**SUPPLIED DATA:**
★ ★ ★ ★

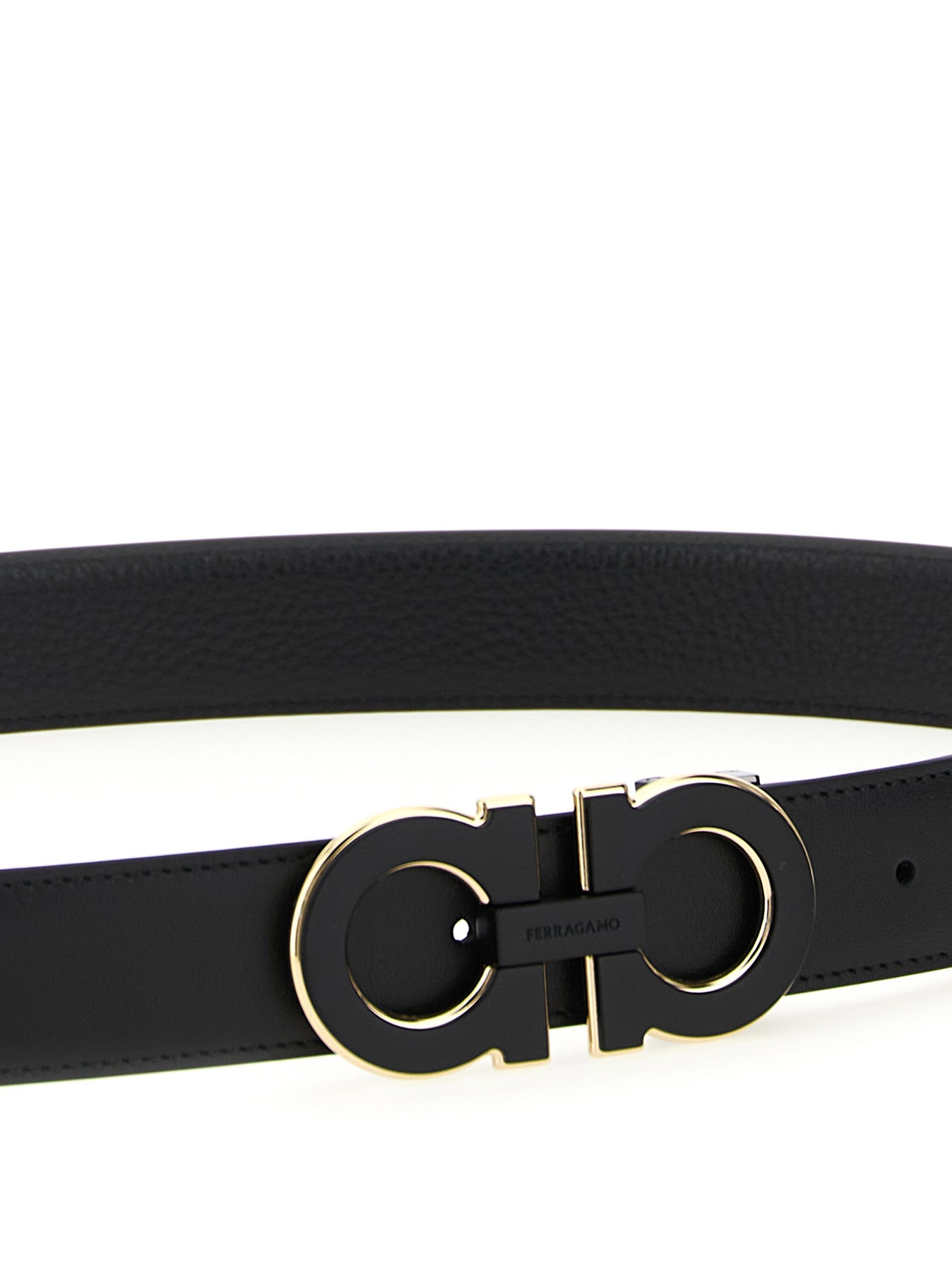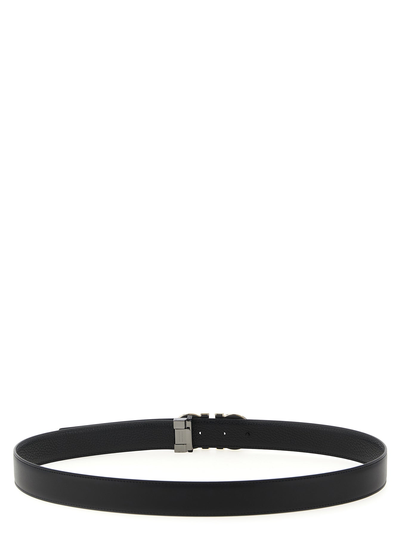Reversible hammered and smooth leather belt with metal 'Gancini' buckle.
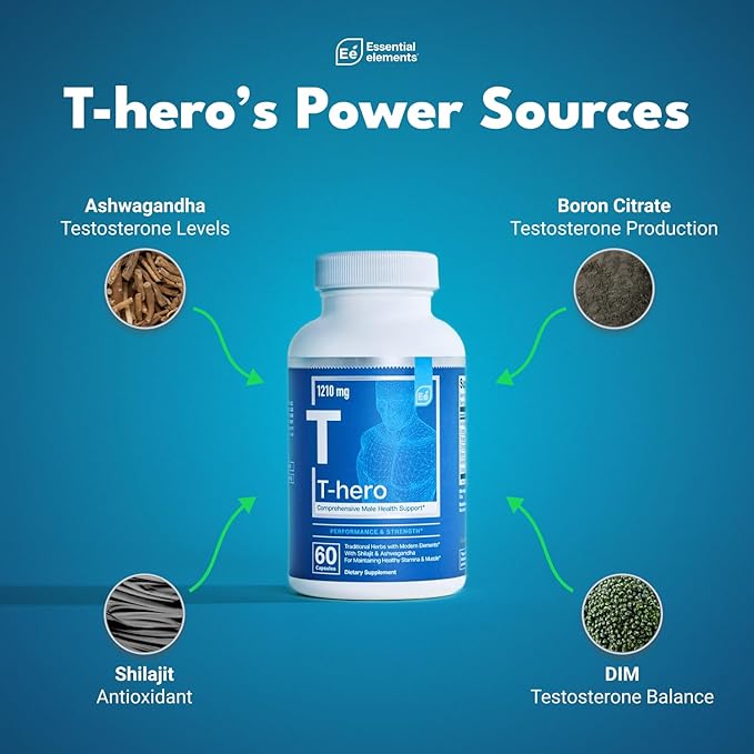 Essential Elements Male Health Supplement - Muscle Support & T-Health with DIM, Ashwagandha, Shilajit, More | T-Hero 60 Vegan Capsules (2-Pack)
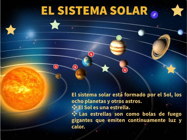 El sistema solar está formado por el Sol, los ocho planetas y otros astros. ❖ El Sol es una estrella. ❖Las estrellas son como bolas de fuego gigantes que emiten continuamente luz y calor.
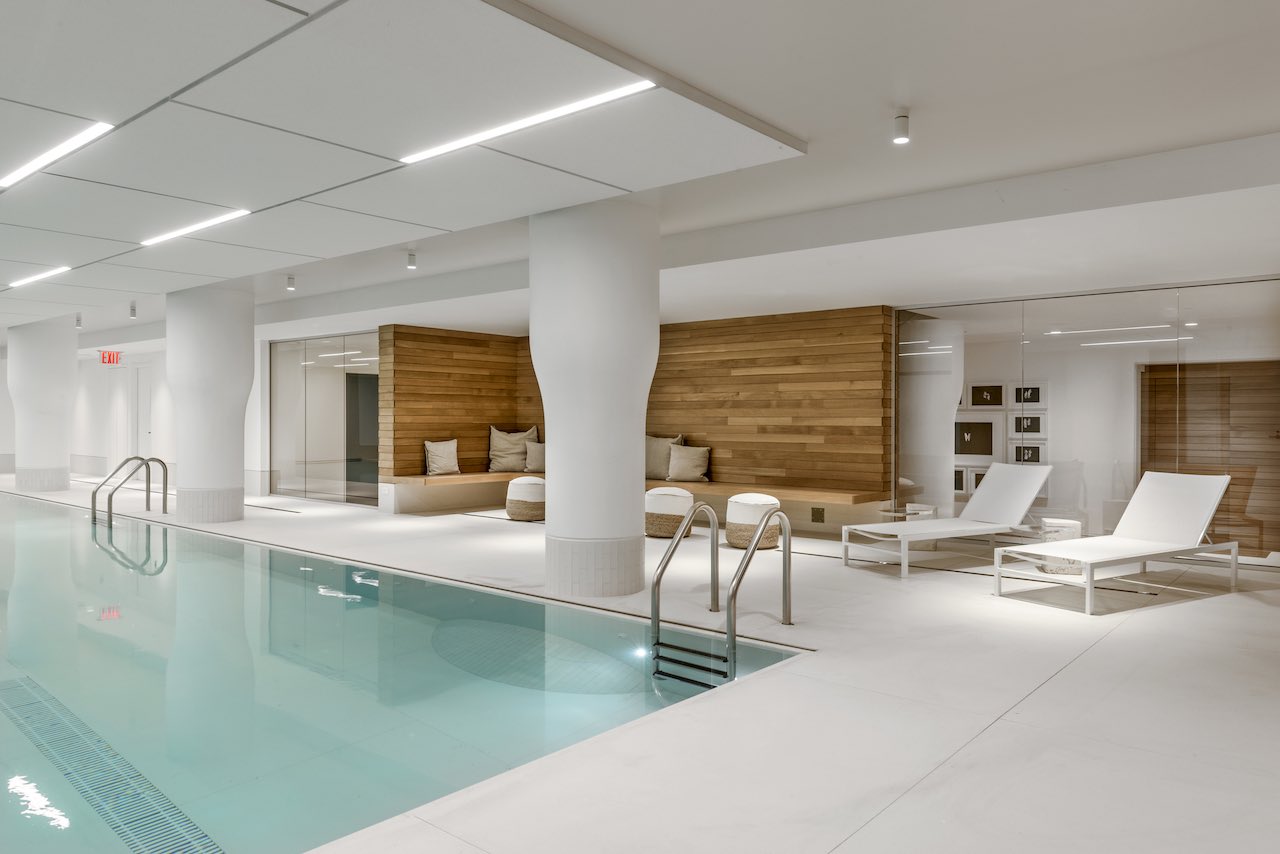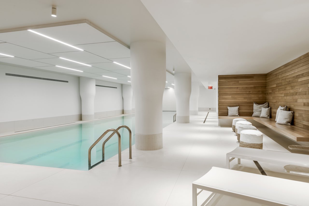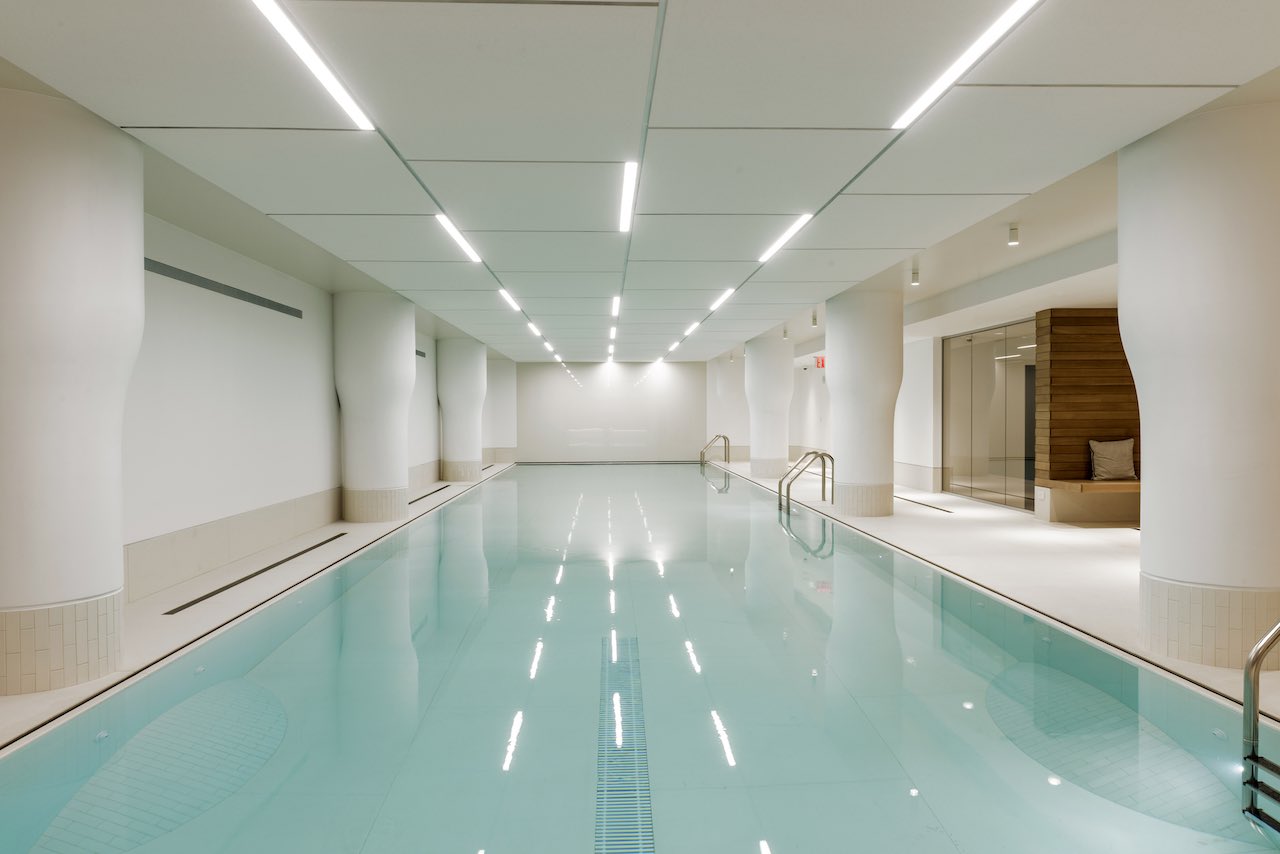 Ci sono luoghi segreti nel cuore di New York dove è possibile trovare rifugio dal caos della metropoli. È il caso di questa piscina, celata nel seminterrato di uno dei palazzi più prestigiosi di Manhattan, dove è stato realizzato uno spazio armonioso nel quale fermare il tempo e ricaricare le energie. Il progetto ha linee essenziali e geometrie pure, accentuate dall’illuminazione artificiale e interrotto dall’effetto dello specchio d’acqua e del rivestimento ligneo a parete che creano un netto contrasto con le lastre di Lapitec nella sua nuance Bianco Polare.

★ ★ ★ ★

When you transcribe the lines above, keep every word exact but leave the pictures behind.

Reversible hammered and smooth leather belt with metal 'Gancini' buckle.
 Essential Elements Male Health Supplement - Muscle Support & T-Health with DIM, Ashwagandha, Shilajit, More | T-Hero 60 Vegan Capsules (2-Pack)
 El sistema solar está formado por el Sol, los ocho planetas y otros astros. ❖ El Sol es una estrella. ❖Las estrellas son como bolas de fuego gigantes que emiten continuamente luz y calor.
 Ci sono luoghi segreti nel cuore di New York dove è possibile trovare rifugio dal caos della metropoli. È il caso di questa piscina, celata nel seminterrato di uno dei palazzi più prestigiosi di Manhattan, dove è stato realizzato uno spazio armonioso nel quale fermare il tempo e ricaricare le energie. Il progetto ha linee essenziali e geometrie pure, accentuate dall’illuminazione artificiale e interrotto dall’effetto dello specchio d’acqua e del rivestimento ligneo a parete che creano un netto contrasto con le lastre di Lapitec nella sua nuance Bianco Polare.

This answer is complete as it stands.